### Input records:
══════════════════════════════
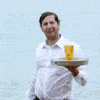 Our hapless hero takes on the challenge and pint of beer in hand begins on his epic adventure. Nothing will stop him not even the sea. He swims the channel holding beer proudly aloft and walks up onto the beach on the other side. He finally makes it to Manchester.
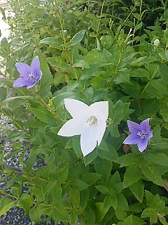 ちょうど紫や白の桔梗の花が咲いており、きれいでした。そういわれてみると確かに。
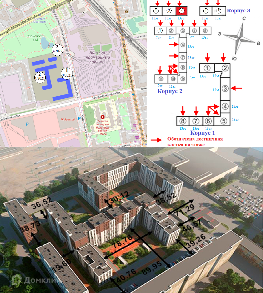 3-комнатная квартира, 77.29 м2, этаж 2 / 13, на продажу в Санкт-Петербурге, Студенческая улица, 14к1
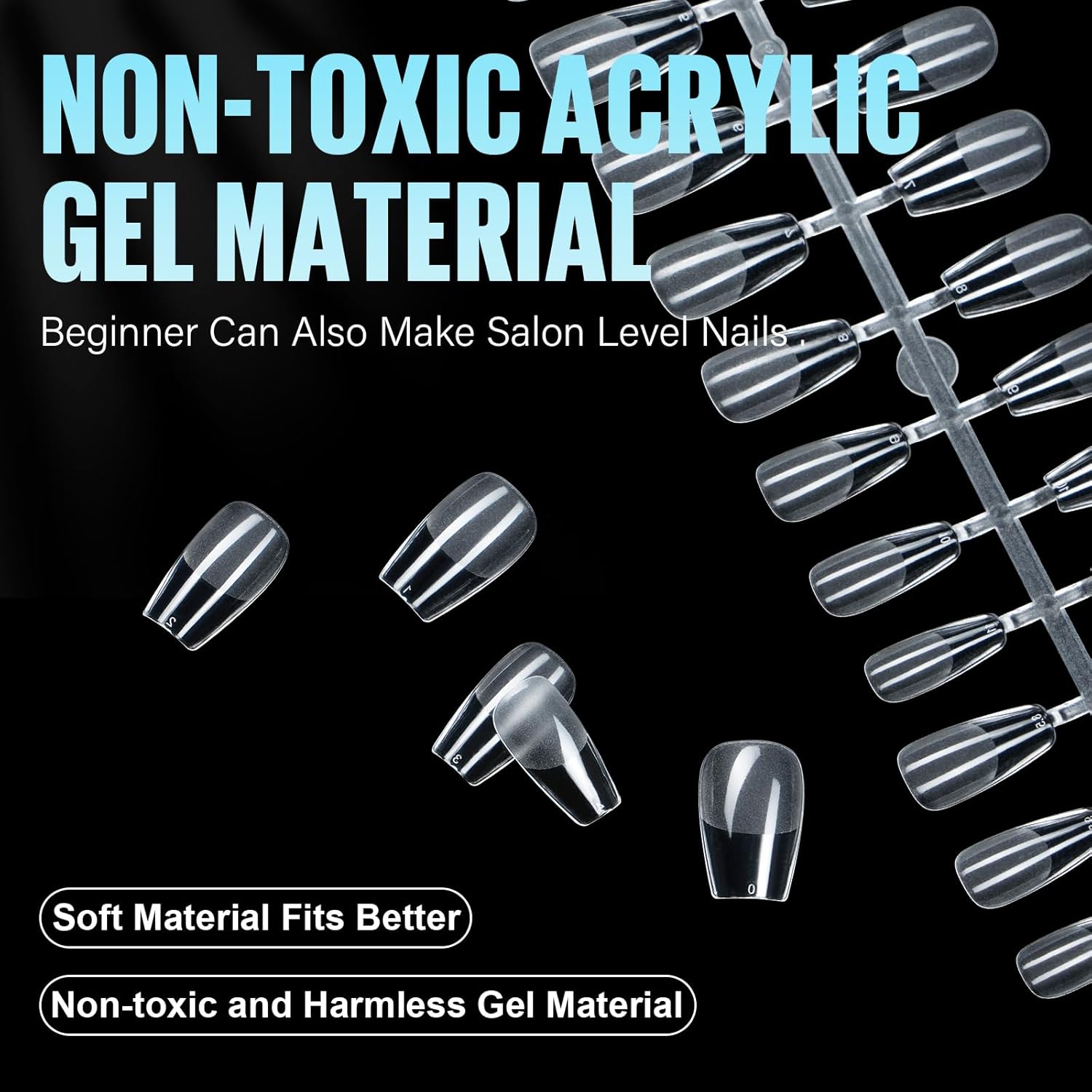 - Medium Coffin Tips with a Traceless Finish: Our gel nail tips are exceptionally flexible, leaving no trace, even when bent. Their clarity and brightness make it easier to shape, trim, and paint these false nails, allowing you to achieve your dream nail shape. Experience the real DIY manicure with our gel tips.
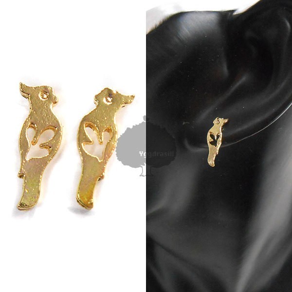 > YGG★新品 オウム モチーフ ピアス ゴールド 金 鳥 トリ バード 両耳用 ペア カジュアル インコ レディース ペット
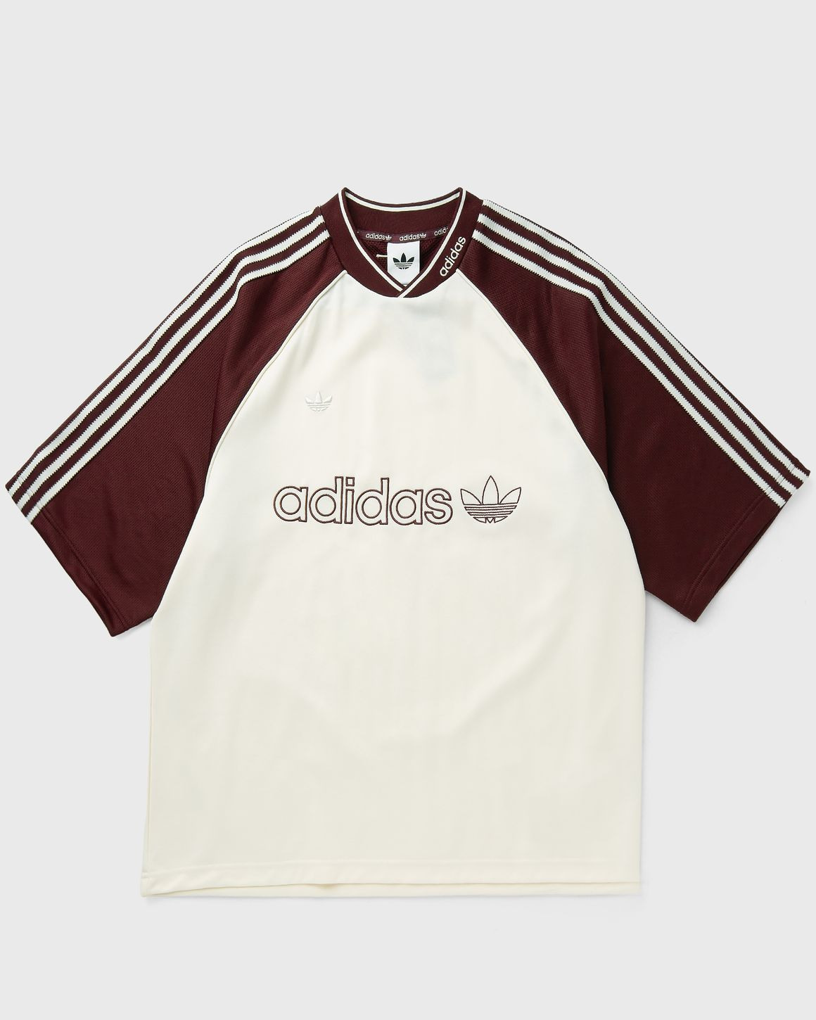 The soft and stretchy pique material of the adidas Premium Jersey follows your every move and ensures optimum comfort. Classic adidas details - such as the 3-Stripes and Trefoil logo - round off the design with an authentic vibe. - Oversize fit - 3-Stripes - Embroidered logo details This item is partly made of certified, recycled and sustainable materials, reducing the global amount of waste and conserving primary raw materials. Discover a wide range of sustainable items now at BSTN! Article Number: JV7600 Gender: Men Color: CREWHT Material: 52% Cotton, 48% Polyester
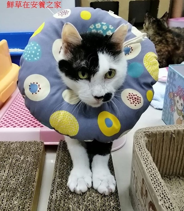 鮮草住院治療了一個多月,進行血檢、二合一檢驗、並完成結紮、洗牙,狀況較為穩定後便接回安養之家。
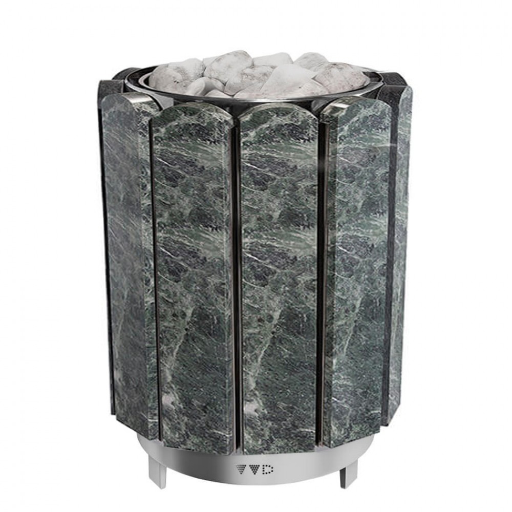 - Быстрый прогрев помещения и хороший пар обеспечиваются высокой мощностью нагревательных элементов и большим объемом камней вокруг них.
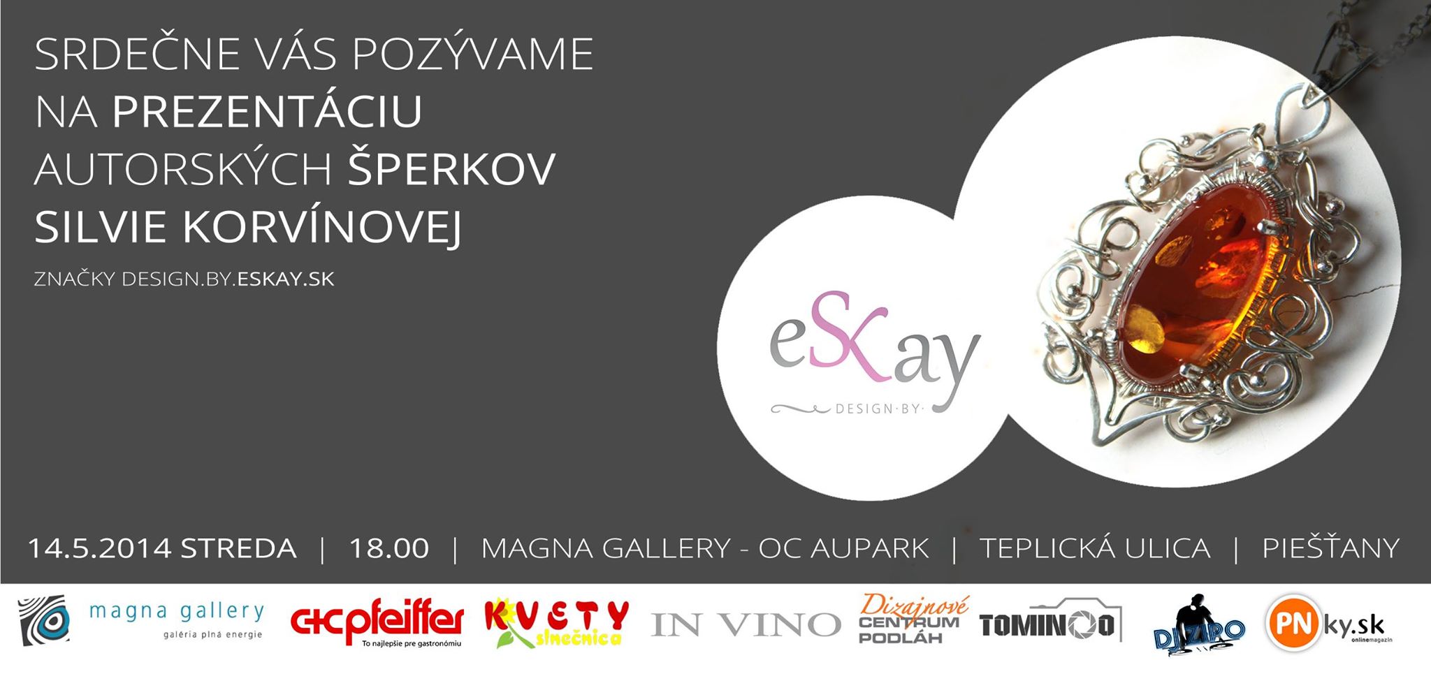 V stredu 14. mája o 18-tej podvečer sa v piešťanskej Magna gallery uskutoční netradičná jednorazová prezentácia šperkov značky design.by.eskay. Pod názvom design.by.eskay tvorí svoje dielka zo striebra a polodrahokamov piešťanská autorka Silvia Korvínová, ktorá s galériou spolupracuje už dlhšie.
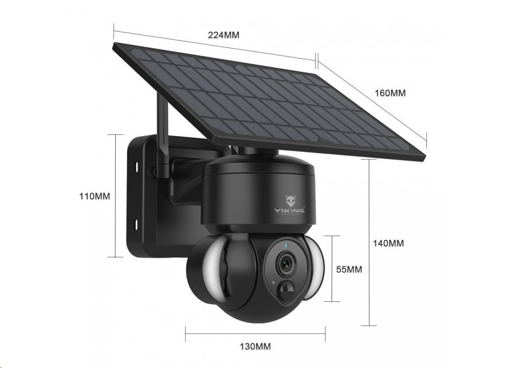 Solární HD kamera VIKING HDs01 4G s otočným motorizovaným objektivem, ochranou IP66 (platí pouze v případě, že jsou všechny vstupní i výstupní konektory zakryté např. silikonovým ochranným krytem) a silným nočním infračerveným viděním až 30m. Vhodná pro zabezpečení prostorů bez možnosti napájení. Díky solárnímu panelu je kamera zcela nezávislá na elektrické síti.
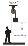 Há um antigo aforisma grego que diz: “o que se poupa em esforço, perde-se em tempo”. Para verificar a veracidade desta afirmativa, suponhamos que uma pessoa, com o auxílio de uma corda e de uma roldana fixa (ambas ideais), deseje suspender um bloco, com movimento uniforme, fazendo com que ele suba uma altura h. Numa primeira tentativa ele faz o bloco subir verticalmente, como ilustra a figura 1 a seguir.
══════════════════════════════
### Problem statement:
Beginning with the line that contains "Solární HD kamera", reproduce every line through the end of the records above exactly, leaving pictures out.

### Written answer:
 Solární HD kamera VIKING HDs01 4G s otočným motorizovaným objektivem, ochranou IP66 (platí pouze v případě, že jsou všechny vstupní i výstupní konektory zakryté např. silikonovým ochranným krytem) a silným nočním infračerveným viděním až 30m. Vhodná pro zabezpečení prostorů bez možnosti napájení. Díky solárnímu panelu je kamera zcela nezávislá na elektrické síti.
 Há um antigo aforisma grego que diz: “o que se poupa em esforço, perde-se em tempo”. Para verificar a veracidade desta afirmativa, suponhamos que uma pessoa, com o auxílio de uma corda e de uma roldana fixa (ambas ideais), deseje suspender um bloco, com movimento uniforme, fazendo com que ele suba uma altura h. Numa primeira tentativa ele faz o bloco subir verticalmente, como ilustra a figura 1 a seguir.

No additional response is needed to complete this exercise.